Петринская На ладони судьбы: Я рассказываю о своей жизни - Мухина-Петринская Валентина Михайловна 2 стр.


- Да, почему-то лишь днем, - отозвались они. Вот, оказывается, почему Щенников меня никогда не вызывал днем, а только по вечерам. Михаила Каравая тоже жестоко избивали, и он подписал протокол с чудовищной клеветой на себя и теперь опасался расстрела. Жену увидеть он уже не надеялся и твердил только одно: "Мне бы еще хоть раз услышать ее голос, голос моей Аты, потом пусть приходит смерть…"

- Передайте ему, что он услышит ее голос. Я это обещаю твердо. Но предупредите его, чтоб не было никаких эмоций. Пусть молча слушает ее голос, и всё. Иначе он подведет под карцер и меня и Ату.

- Но как вы это сделаете?

- Это я еще придумаю. Мы же ходим на прогулку мимо вашей шестой камеры. И передайте мой горячий привет Иосифу Кассилю.

Пока я поднималась по тюремной лестнице на наш третий этаж, я придумала, как Михаилу Караваю услышать голос жены. Что Михаил подписал протокол, я ни ей и никому в камере не рассказала, Ата была так уверена в его мужестве, так гордилась им. Ведь она так и не подписала.

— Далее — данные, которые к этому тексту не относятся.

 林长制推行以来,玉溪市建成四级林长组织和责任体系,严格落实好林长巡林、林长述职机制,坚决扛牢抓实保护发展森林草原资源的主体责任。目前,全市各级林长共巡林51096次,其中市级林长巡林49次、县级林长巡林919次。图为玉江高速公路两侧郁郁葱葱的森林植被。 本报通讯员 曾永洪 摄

На другой день нас с утра повели гулять. Прогуливал нас дежурный по прозвищу Минуточка. Во время прогулки я то и дело останавливалась и хваталась за голову. Минуточка ругался, но ничего не подозревал.

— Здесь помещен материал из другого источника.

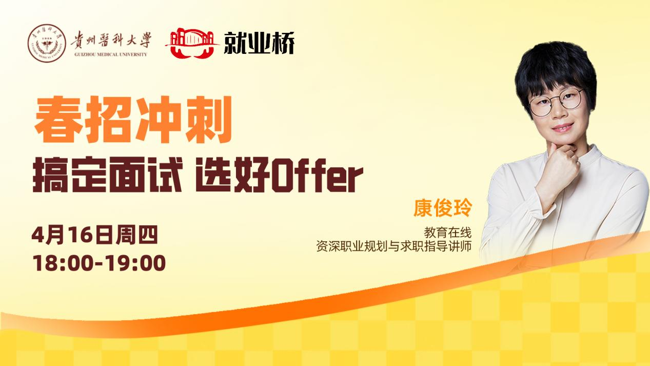 春招进入冲刺阶段,你是否也在经历这些焦虑:无实习经历该怎么打动面试官?面试屡屡受挫,不知问题出在哪里?收到offer却不敢轻易签约,怕踩坑、怕选错?别慌!学校联合就业桥为你带来春招专场直播讲座——《搞定面试,选好offer》,帮你抓住春招机遇,稳稳上岸!
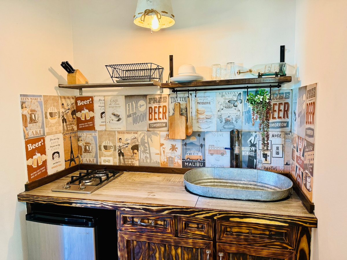 Stella é a nossa mais nova casa de campo no iL Sognatore. Lá fora você vai desfrutar de um lindo jardim. Dentro você vai experimentar o charme do velho mundo de móveis de madeira feitos à mão: armários, armários de cozinha, armários, cama e cadeiras altas. Tem uma área de jantar e uma cozinha acoplada com uma geladeira grande. O quarto dispõe de uma cama tamanho queen e uma área de estar. Além disso, uma porta deslizante leva ao seu próprio banheiro privativo. O iL Sognatore tem Wi-Fi em todo o local, estacionamento seguro dentro do complexo.

На обратном пути, проходя мимо шестой камеры, я сделала вид, что упала в обморок, но, не рассчитав, довольно больно стукнулась головой о дверь. Ата, как мы договорились, "испуганно" закричала: "Джанунка!" Так она нежно называла мужа. И прибавила несколько фраз на английском языке. Минуточка заорал на нее: "Не разговаривать!" Но Ата очень красноречиво пояснила ему, что у меня еще на прогулке закружилась голова, он не дал мне постоять хоть минуту - и вот теперь я в обмороке.

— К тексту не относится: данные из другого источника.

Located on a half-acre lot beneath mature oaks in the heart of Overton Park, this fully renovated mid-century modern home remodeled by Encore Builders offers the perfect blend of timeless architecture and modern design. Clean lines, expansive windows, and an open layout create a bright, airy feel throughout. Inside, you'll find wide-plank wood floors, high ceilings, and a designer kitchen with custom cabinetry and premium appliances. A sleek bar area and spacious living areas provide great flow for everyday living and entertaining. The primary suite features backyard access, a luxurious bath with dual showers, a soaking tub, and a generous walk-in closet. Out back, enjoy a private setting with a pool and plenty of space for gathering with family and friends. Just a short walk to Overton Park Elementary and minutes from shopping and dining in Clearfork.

- Бедная моя Джанунка, - и снова несколько взволнованных слов на английском языке.

Растерянный Минуточка побежал к телефону, вызвал ко мне врача. Ата успела сказать еще несколько слов "мне" по-английски. А из-за двери тихо, страстно и нежно: "Ата, прощай!"

Так исполнилось желание Михаила Каравая услышать голос жены, которую безгранично любил. Напрасно боялся он расстрела, ему дали двадцать лет лагеря, а вот Ату расстреляли. Мне до сих пор ее жаль. Сколько красоты, доброты, ума, живости, остроумия было в этой молодой женщине…

- Врач уже спускается, - успокоил Минуточка, явно сознавая свою вину. Я предпочла встать:

- Мне уже лучше.

Женщины повели меня под руки, как архиерея. Но тут на меня и на одну из ведущих напал такой приступ смеха, что мы чуть было не испортили все дело.

- Плачьте! Черт вас возьми! Спасибо, Валя. Мы "плакали", задыхаясь от смеха. Врач пришла в ужас, пощупав мой пульс:

- Ну и частит!

Послушала сердце и… освободила меня на этот день от допроса.

На следующий день меня вызвали утром. Щенников сидел один. Перед ним на столе высилась груда книг - книжный паек, который следователи получали бесплатно раз в месяц.

В тюрьме была библиотека, но нам никаких книг не давали, за то что мы все шестеро не подписывали. Я очень стосковалась по книгам.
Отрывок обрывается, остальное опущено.